According to a first aspect of the present disclosure, a relay is provided, including a static contact; and a movable contact assembly. The movable contact assembly includes a movable contact leading-out piece, a movable contact piece, and a movable contact. The movable contact is disposed at a side of one end of the movable contact piece, facing the static contact. Another end of the movable contact piece is connected to the movable contact leading-out piece, and the movable contact piece is located between the static contact and the movable contact leading-out piece and is configured to generate an electro-dynamic repulsion force between the movable contact piece and the movable contact leading-out piece under a short-circuit current, to allow the movable contact to abut against the static contact. Between the movable contact and a connection position of the movable contact piece with the movable contact leading-out piece, a distance from at least part of the movable contact leading-out piece to the movable contact piece is greater than a distance from portions of the movable contact leading-out piece located at both sides of the at least part to the movable contact piece.

According to an embodiment of the present disclosure, wherein the distance from at least part of the movable contact leading-out piece to the movable contact piece refers to a distance from the movable contact to a straight line connecting the movable contact and the connection position of the movable contact piece with the movable contact leading-out piece when the movable contact and corresponding static contact are closed.

According to an embodiment of the present disclosure, the movable contact piece and the movable contact leading-out piece form a V-shaped structure.

According to an embodiment of the present disclosure, the movable contact leading-out piece includes: a middle section disposed between the movable contact and the connection position of the movable contact piece with the movable contact leading-out piece, the middle section being the at least part of the movable contact leading-out piece; a first connection section connected to another end of the movable contact piece; and a second connection section, the second connection section and the first connection section being respectively disposed at two sides of the middle section, and a position of the movable contact corresponds to the second connection section. A distance from a side of the middle section to a side of the movable contact piece close to the side of the middle section is d; a distance from a side of the first connection section to the side of the movable contact piece close to the side of the first connection section is d1; and a distance from a side of the second connection section to the side of the movable contact piece close to the side of the second connection section is d2, in which d>d1 and d>d2.

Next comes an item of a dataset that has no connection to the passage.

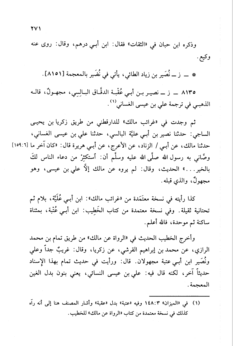 وأخرج الخطيب الحديث في الرواة عن مالك من طريق تمام بن محمد الرازي، عَن مُحَمد بن إبراهيم القرشي عن زكريا وقال: غريب جدا وعلي ونصير بن أبي عتبة مجهولان , قال: ورأيت في حديث تمام بهذا الإسناد حديثا آخر لكنه قال فيه: علي بن عيسى النسائي يعني بنون بدل الغين المعجمة.

According to an embodiment of the present disclosure, a projection of the middle section on the movable contact piece does not coincide with a projection of the movable contact on the movable contact piece.

According to an embodiment of the present disclosure, the movable contact leading-out piece is recessed in a direction away from the movable contact piece, to form the middle section.

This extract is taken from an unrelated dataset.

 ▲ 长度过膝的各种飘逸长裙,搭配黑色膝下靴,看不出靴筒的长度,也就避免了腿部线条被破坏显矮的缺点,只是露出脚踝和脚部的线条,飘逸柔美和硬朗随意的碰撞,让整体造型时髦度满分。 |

According to an embodiment of the present disclosure, the middle section is a groove with an open structure at one end, and an open end of the groove faces the movable contact piece.

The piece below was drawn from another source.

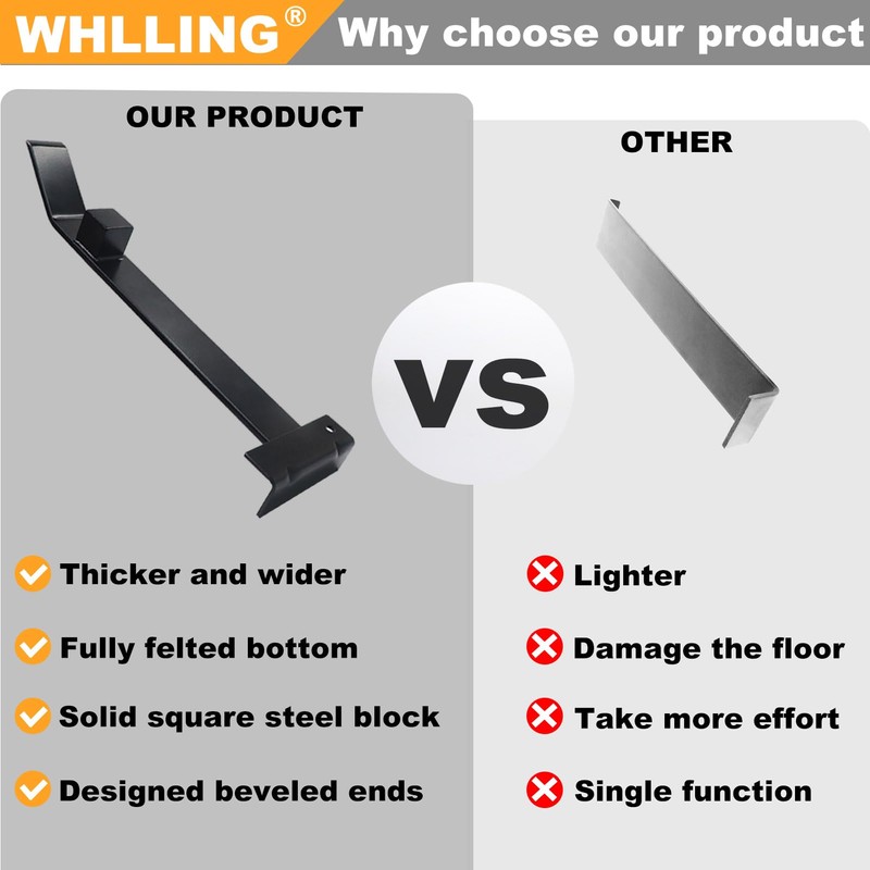 - 𝐏𝐫𝐚𝐜𝐭𝐢𝐜𝐚𝐥 𝐃𝐞𝐬𝐢𝐠𝐧: ①Solid square steel block -provides a hammer contact point that won’t absorb your strike. ②Designed beveled - specially designed beveled ends that pry into tight spaces. This pull bar allows you to work in tight spaces or close to the wall, tightening tongue-and-groove flooring and closing gaps.

According to an embodiment of the present disclosure, another part of the movable contact leading-out piece that is not provided with the groove is the first connection section and the second connection section.

According to an embodiment of the present disclosure, a groove wall of the groove is of an arcuate structure or a linear structure; and/or a groove bottom of the groove is of an arcuate structure or a linear structure.

According to an embodiment of the present disclosure, an end of the movable contact leading-out piece close to the movable contact at least partially protrudes toward a direction close to the movable contact piece, to form the second connection section.

According to an embodiment of the present disclosure, the second connection section includes a protrusion that protrudes relative to the movable contact leading-out piece and in a direction close to the movable contact piece, and the middle section is formed between a side wall of the protrusion close to the first connection section and the first connection section.

According to an embodiment of the present disclosure, a projection of the protrusion on the movable contact piece at least partially coincides with a projection of the movable contact on the movable contact piece.

According to an embodiment of the present disclosure, the projection of the protrusion on the movable contact piece completely coincides with the projection of the movable contact on the movable contact piece.

According to an embodiment of the present disclosure, a part of the projection of the protrusion on the movable contact piece beyond the projection of the movable contact on the movable contact piece is located at a side of the movable contact close to the connection position of the movable contact piece with the movable contact leading-out piece.

BRIEF DESCRIPTION OF THE DRAWINGS

The above and other features and advantages of the present disclosure will become more apparent by describing in detail exemplary embodiments thereof with reference to the accompanying drawings.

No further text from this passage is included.